One further feature of the order remains to be considered. The Board required that amounts deducted from the salaries of members of the Benefit Union and paid into the treasury of the Union be paid by respondent to the employees. This court, in National Labor Relations Board v. West Kentucky Coal Co., 6 Cir., 116 F.2d 816, held that such an order does not fall within the purview of the National Labor Relations Act, nor within the powers of the Board. Here, as there, the checkoff payments were not retained by the employer. They were paid over to the Benefit Union. Here, as there, to affirm the order upon this feature is to order the employer to restore money paid to another.
We also bear in mind the recent decision of the Supreme Court in National Labor Relations Board v. P. Lorillard Co., 62 S.Ct. 397, 86 L.Ed. ___, announced January 5, 1942. In view of the decisions cited in that case (National Labor Relations Board v. Bradford Dyeing Ass'n, supra; International A. of M. v. National Labor Relations Board, 311 U.S. 72, 82, 61 S.Ct. 83, 85 L.Ed. 50; National Labor Relations Board v. Falk Corp., 308 U.S. 453, 458, 459, 60 S.Ct. 307, 84 L.Ed. 396), we conclude that the Supreme Court held that the question there presented was a question of fact upon which this court is bound by the decision of the Board. Here we think that the question presented is one of law. There is no theory of common law or equity under which the employer is liable to pay this sum. The statute contains no provision authorizing the Board to make such an order and the only provision in the statute authorizing money payment by the employer is the provision with reference to back-pay in case of unlawful discharge. It was held in Republic Steel Corp. v.

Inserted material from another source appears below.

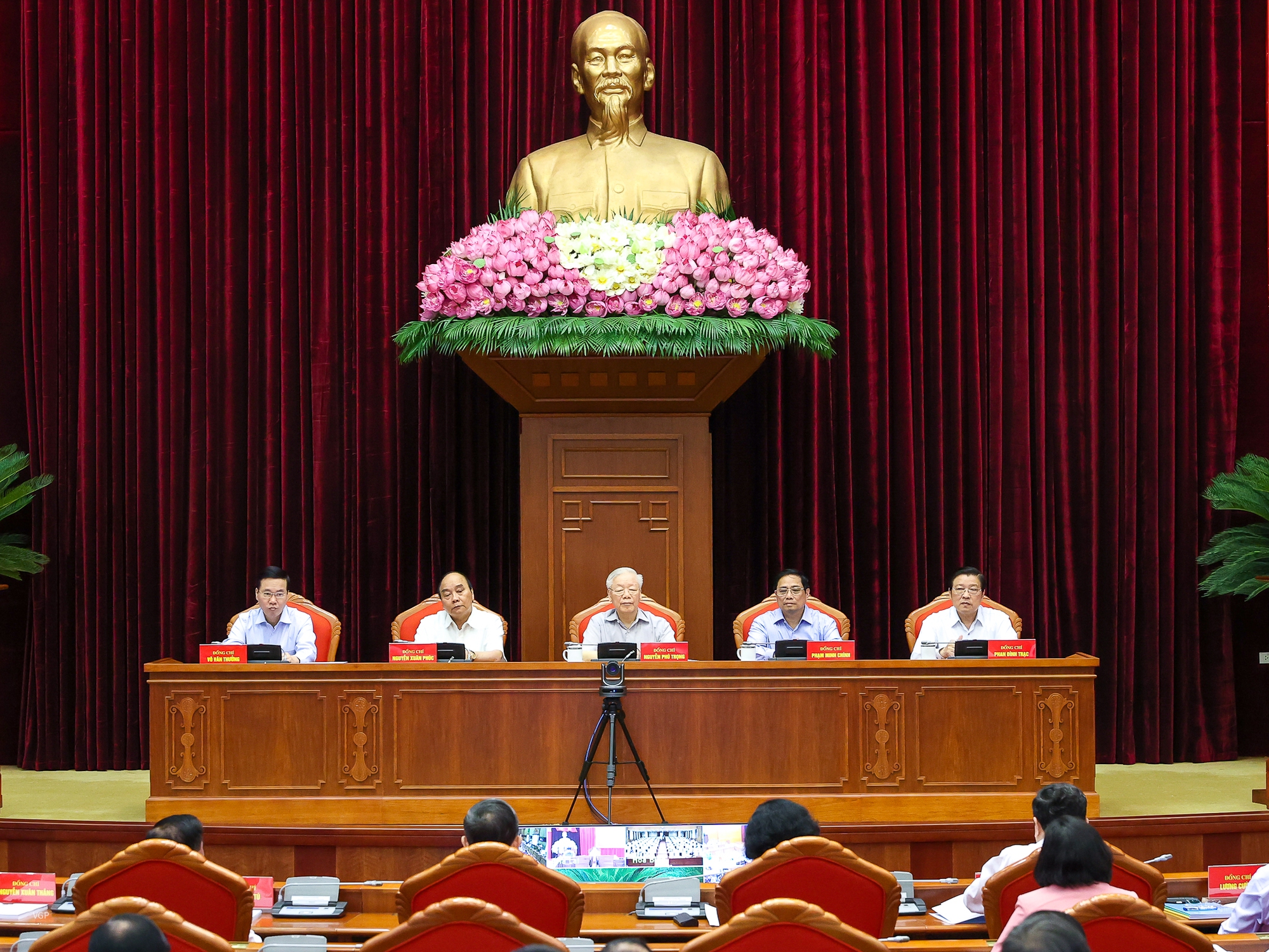 Tổng Bí thư Nguyễn Phú Trọng, Chủ tịch nước Nguyễn Xuân Phúc, Thủ tướng Chính phủ Phạm Minh Chính, Thường trực Ban Bí thư Võ Văn Thưởng, Trưởng Ban Nội chính Trung ương Phan Đình Trạc đồng chủ trì hội nghị.

National Labor Relations Board, 311 U.S. 7, 11, 61 S.Ct. 77, 85 L.Ed. 6, that the authority to order affirmative action does not go so far as to confer a punitive jurisdiction enabling the Board to inflict upon the employer any penalty it may choose because it is engaged in unfair labor practices, even though the Board be of the opinion that the policies of the Act might be effectuated by such an order. The court there reaffirmed its position stated in Consolidated Edison Co. v. National Labor Relations Board, 305 U.S. 197, 235, 236, 59 S.Ct. 206, 83 L.Ed. 126, and National Labor Relations Board v. Pennsylvania Greyhound Lines, 303 U.S. 261, 267, 268, 58 S.Ct. 571, 82 L.Ed. 831, 115 A.L.R. 307, that the Board's power to command affirmative action is remedial and not punitive. We think that the order compelling the employer to restore earnings not retained by it for its own benefit, but turned over to representatives of the employees, is punitive and not corrective. In absence of an express statutory provision requiring the employer to pay dues previously paid by the employees to the company union, of which they are members, and in absence of a specific holding of the Supreme Court upon that point, we conclude that a question of law is involved upon which this court is authorized to rule, and that the Board has erred in this part of the order.
That part of the order of the Board as to reinstatement and payments to Graham and Warrem, and as to refunding to members of the Benefit Union sums deducted from their wages and paid to the Benefit Union is vacated and set aside. In all other respects the petition for enforcement is granted and a decree will issue enforcing the order in accordance with this opinion.